Mary told the children that humanity's greatest crisis is one of faith, and that humanity, "the lungs of the church," must turn back to God. She encouraged prayer for universal peace, fasting, penance, forgiveness, attending Mass, and reading Scripture as a family. If humanity's relationship with God falters, she said, then humanity is at risk of destroying itself.
Dragicevic said that Mary is more concerned about the world than ever, due to the present "war in her homeland."
"Our Lady is trying to lead us out of the spiritual coma the world is in," he said.
In his talk, Msgr. Rossetti warned Catholics not to scoff at the existence of demons, but not to fear them either. As an exorcist, he does not fear demons, but demons fear Mary more than anyone else.
"Of course, you get roughed up a bit" on the job, he said, "but it's minor. The only things that happen to you are what God allows."
He also cleared up Hollywood misconceptions about exorcism. He explained that people who are "fully possessed" by demons should see a priest, but people with a "demonic issue" that is not possession should pray prayers of deliverance. Such prayers are available on his free Catholic Exorcism phone app.
"Exorcism is a prayer," he said.
Msgr. Rossetti, who has accounts on Facebook, X (formerly Twitter), Instagram, and TikTok, said that social media is a key tool for evangelization in the 21st century.
"That's where they're at today," he said. "They're on social media, they're on their phones."
He said his TikTok presence is especially important due to "WitchTok," a subculture of TikTok users who post videos of themselves performing witchcraft.
"My bottle of holy water isn't big enough," he said.

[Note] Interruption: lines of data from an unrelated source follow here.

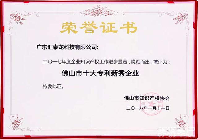 汇泰龙获“2017年度佛山市十大专利新秀企业”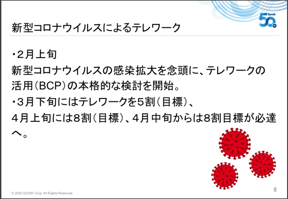 そして今回の新型コロナウイルス。各社でいろんな対応をされてきたかと思いますが、我々もルールや制度を見直して、それまでの2,3割のテレワーク利用からの拡大を図りました。検討を開始し、2月から段階的にテレワークの数が増えていきました。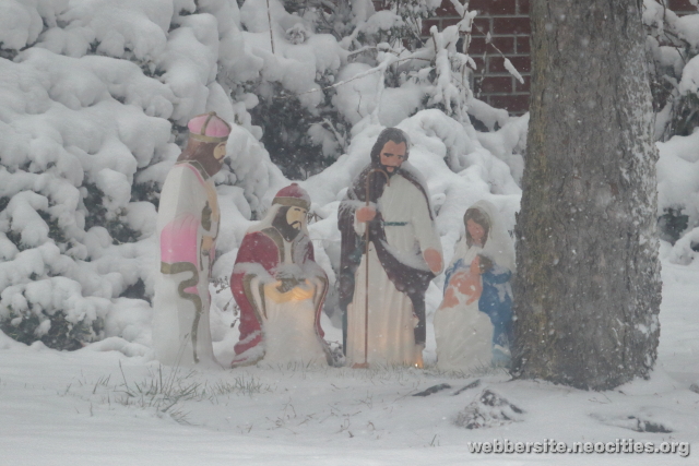 One of my neighbor's nativity scenes, on the first snow of the season.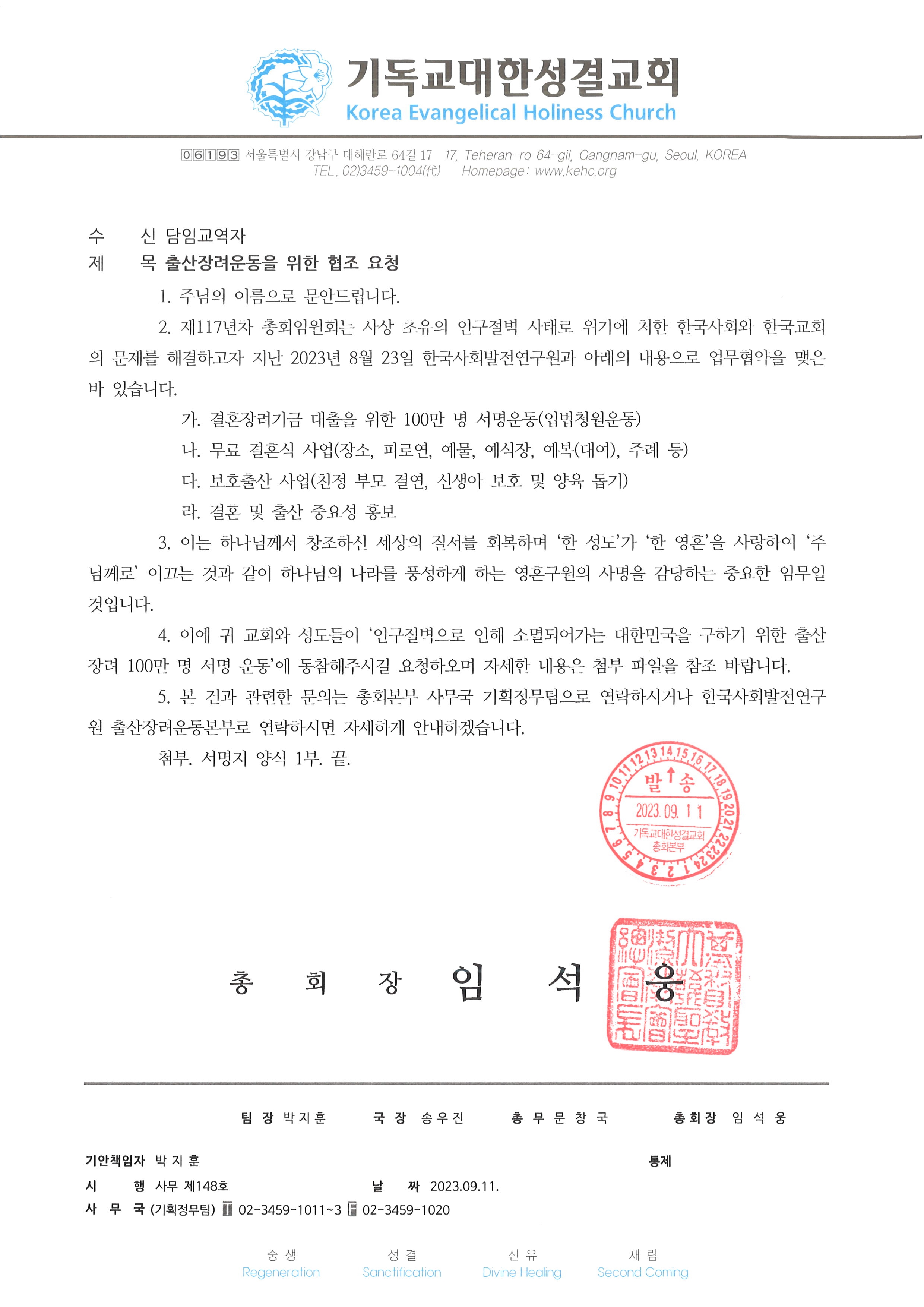 3. 이에 귀 교회와 성도들이 ‘인구절벽으로 인해 소멸되어가는 대한민국을 구하기 위한 출산 장려 100만 명 서명 운동’에 동참해주시길 요청하오며 자세한 내용은 첨부 파일을 참조 바랍니다.

To gasps of shock from his audience, he described "demonic" behaviors among young people, such as satanic tattoos and occult practices, such as the use of Ouija boards. The solution, he said, is for priests to show their flocks that they do not fear demons.
"That's what we do," he said. "We cast out demons, and we preach the good news. If you haven't riled Satan in your life, are you preaching the good news?"
Bishop Mark O'Connell celebrated Mass at the conference. Wearing white vestments in honor of Mary, he said that Cardinal Seán P. O'Malley was "thrilled" by such a gathering taking place in his archdiocese. Cardinal O'Malley could not attend in person because he was in Rome participating in the Synod on Synodality.
In his homily, Bishop O'Connell said that Mary's love of God may seem unattainable, but it is not. Rather, it is an example for all Christians to follow.
"She changed his diapers," he said. "She held the boy Jesus's hand. She had such incredible access. Literally within her womb was the Son of God."
He said that Catholics must imitate Mary by comforting the sick, the poor, the homeless, refugees, and widows.
"Upon the Cross, God gave her our heart to love," he said. "Now Mary loves us, comforts us with that beautiful heart that, as the prophet said, was pierced. How it was pierced! But it loved anyway."
Everyone at the conference, he said, was afflicted with something that pierced each of their hearts. He told them to offer their pierced hearts to Mary.
"Mary understands," he said. "Mary loves and shows you how to love."